# [WHAT IS NEEDED]
From the line containing "<ウィメンズ昇華ユニフォーム オーダーシャツ>" to the last line of the data below, copy everything exactly and nothing else; pictures stay out.

# [DATASET]
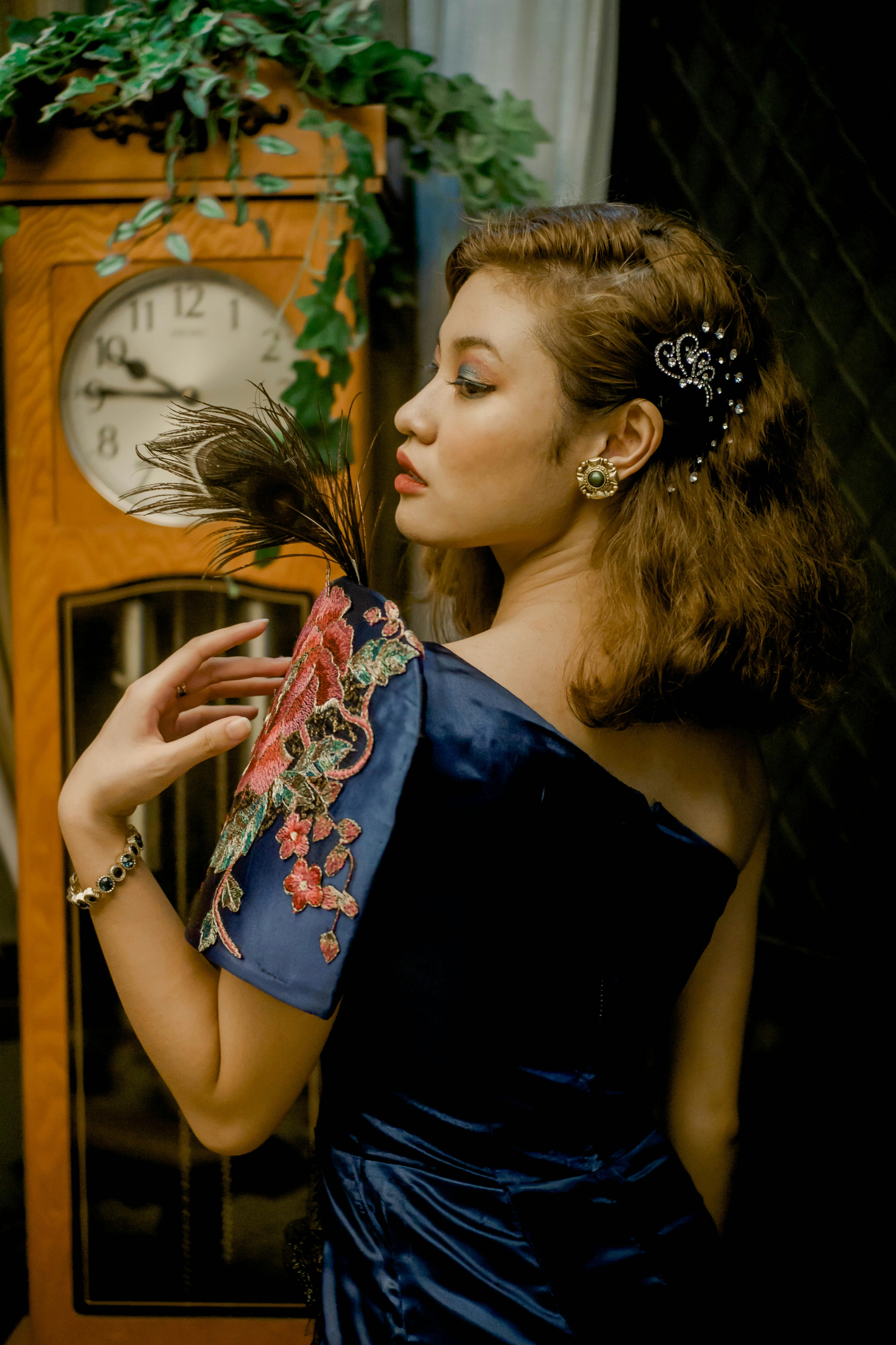 The grandfather clock stopped for her. A velvet shoulder, blooming with scarlet artistry, framed by a mysterious dark feather. She turned slowly, a universe of untold narratives gathering in her gaze.
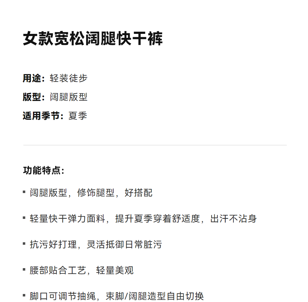 KAILAS凯乐石 女款宽松阔腿快干裤 KG2615404
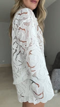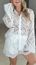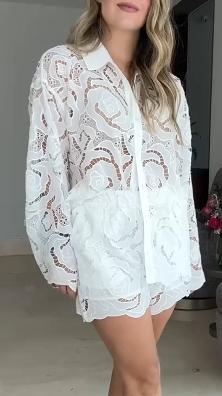 The long - sleeved shirt, adorned with intricate lace patterns, features a classic collar and button - down front. Its sheer panels delicately reveal hints of skin, adding an alluring touch. The matching shorts echo the shirt's lace motif, with scalloped hems that enhance the feminine aesthetic.
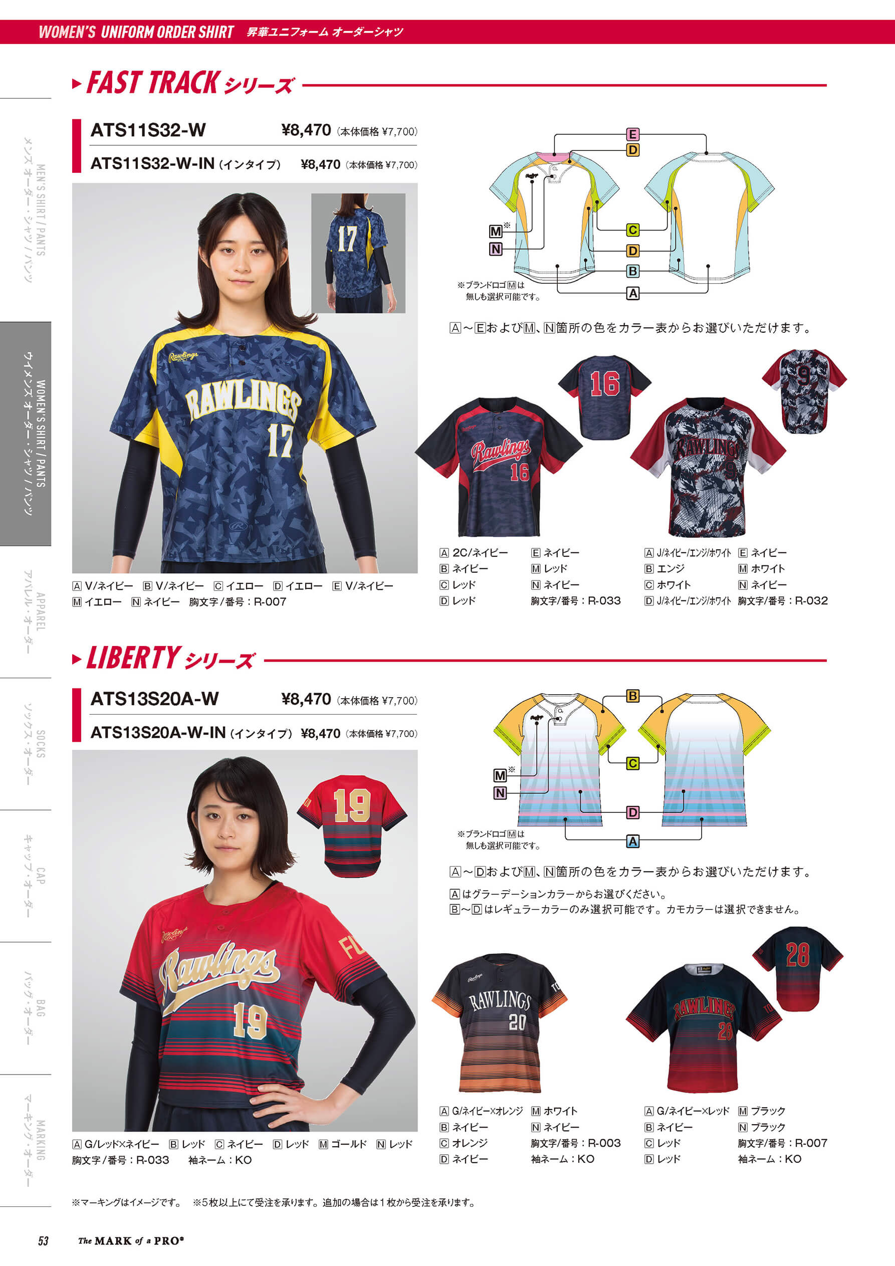 <ウィメンズ昇華ユニフォーム オーダーシャツ>
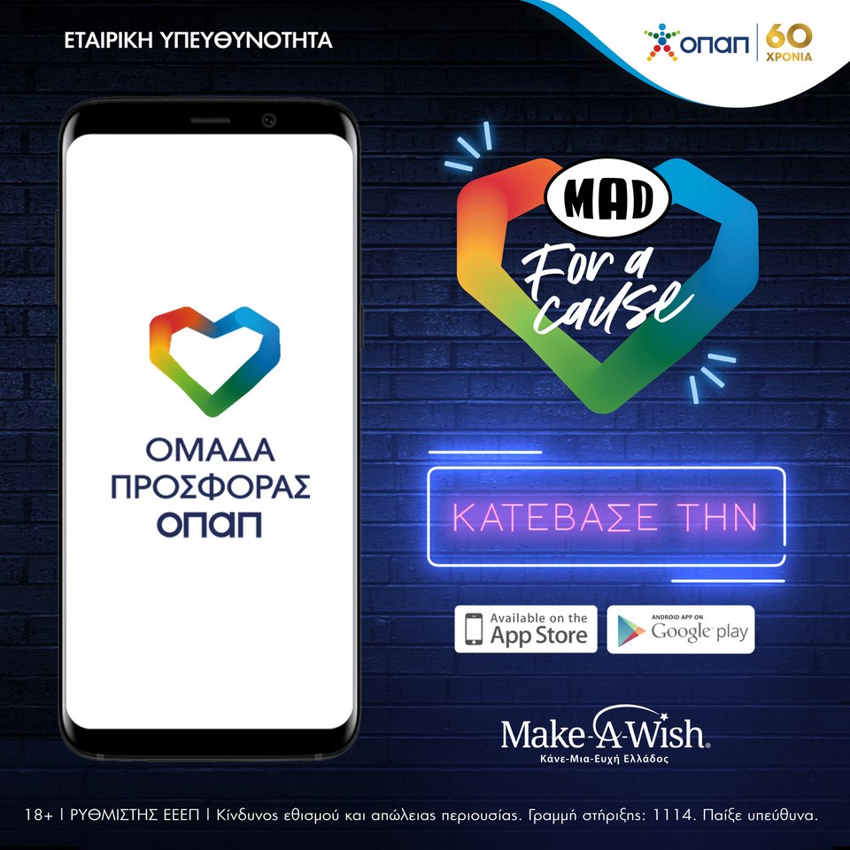 Η πρωτοβουλία «MAD for a Cause» θα τρέχει έως τις 3 Ιουνίου και μέχρι τότε μπορούμε να κατεβάσουμε δωρεάν την εφαρμογή «Ομάδα Προσφοράς», να συμμετάσχουμε στις δοκιμασίες και να μαζέψουμε πόντους για να κερδίσουμε το κοστούμι του Σάκη Ρουβά, τις μπότες της Ελένης Φουρέιρα ή το bomber jacket του SNIK. Όσο εμείς θα παίζουμε ο ΟΠΑΠ θα κάνει πραγματικότητα τις ευχές τριών παιδιών του Make-A-Wish (Κάνε-Μια-Ευχή Ελλάδος).
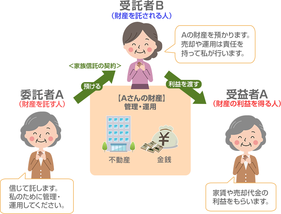 財産を信頼のできる家族に託し、自分や家族のために管理してもらうという財産の管理・処分の方法です。

# [OUTPUT OF THE EXERCISE]
 <ウィメンズ昇華ユニフォーム オーダーシャツ>
 Η πρωτοβουλία «MAD for a Cause» θα τρέχει έως τις 3 Ιουνίου και μέχρι τότε μπορούμε να κατεβάσουμε δωρεάν την εφαρμογή «Ομάδα Προσφοράς», να συμμετάσχουμε στις δοκιμασίες και να μαζέψουμε πόντους για να κερδίσουμε το κοστούμι του Σάκη Ρουβά, τις μπότες της Ελένης Φουρέιρα ή το bomber jacket του SNIK. Όσο εμείς θα παίζουμε ο ΟΠΑΠ θα κάνει πραγματικότητα τις ευχές τριών παιδιών του Make-A-Wish (Κάνε-Μια-Ευχή Ελλάδος).
 財産を信頼のできる家族に託し、自分や家族のために管理してもらうという財産の管理・処分の方法です。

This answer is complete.